In Rondonia’s capital city of Porto Velho, steamy and swollen now with a population of 450,000, there are people who tell of a time not far back when the jungle tightly girded what was then a lightly populated outpost on the frontier. The place lay fast by the Madeira River, a wide and brown tributary of the Amazon with the promise of gold in its sands. Few made their way to Porto Velho then, because access by road was virtually nonexistent.
But then a road was scraped through the length of the state, eventually linking P6rto Velho with Cuiaba, the capital of Mato Grosso state. An ambitious highway through the Amazon, it is called BR-364. At first the 900-mile road was dirt, so when the tropical rains came each year, starting in September, it all went to thick red mud.
Still, the mass movement of people to Rondonia began in those years of the early 1970s; by 1984, when the paving of BR-364 was completed, the migration was turned to full throttle. There has been nothing like it since the rush to the American West by settlers.
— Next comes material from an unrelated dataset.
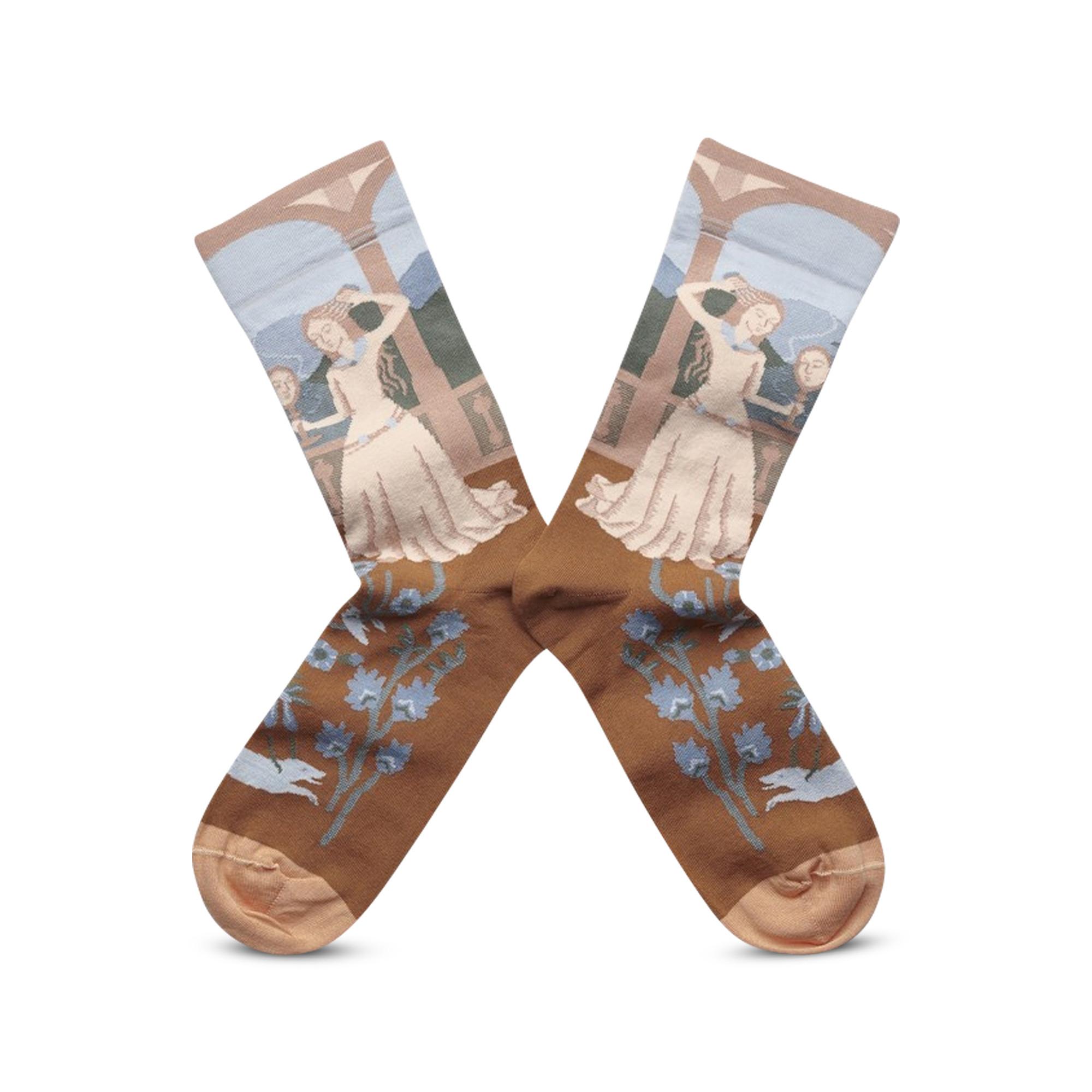 I calzini “Sky Princess” raffigurano un motivo fiabesco con una principessa fluttuante su sfondo azzurro cielo. I colori sono delicati e giocosi, con un dettaglio a contrasto sulla punta. Questi calzini a mezza altezza sono realizzati in cotone egiziano fine e prodotti in Francia e Portogallo.

The damage to the environment has been severe. As much as 20 percent of the rain forest may have been destroyed. Socially Rondonia has mirrored the excesses of other frontier openings: the undercurrent of lawlessness, the greedy exuberance of pay day loans online entrepreneurs, the guzzling, giggling night music of debauchery, and a haphazard life-style gripped by uncertainty.
And, of course, there are Indian players in this frontier drama. They are being pushed into corners, sometimes murdered.
In a haze of dust at sunset a mule-drawn cart joins traffic on the 300-foot-wide main street of Rolim de Moura, a rowdy town named for an 18th-century Portuguese governor. Trucks laden with logs and lumber roar along this route as they service surrounding mills. Wood products make up more than 60 percent of Rond6nia’s industrial yield.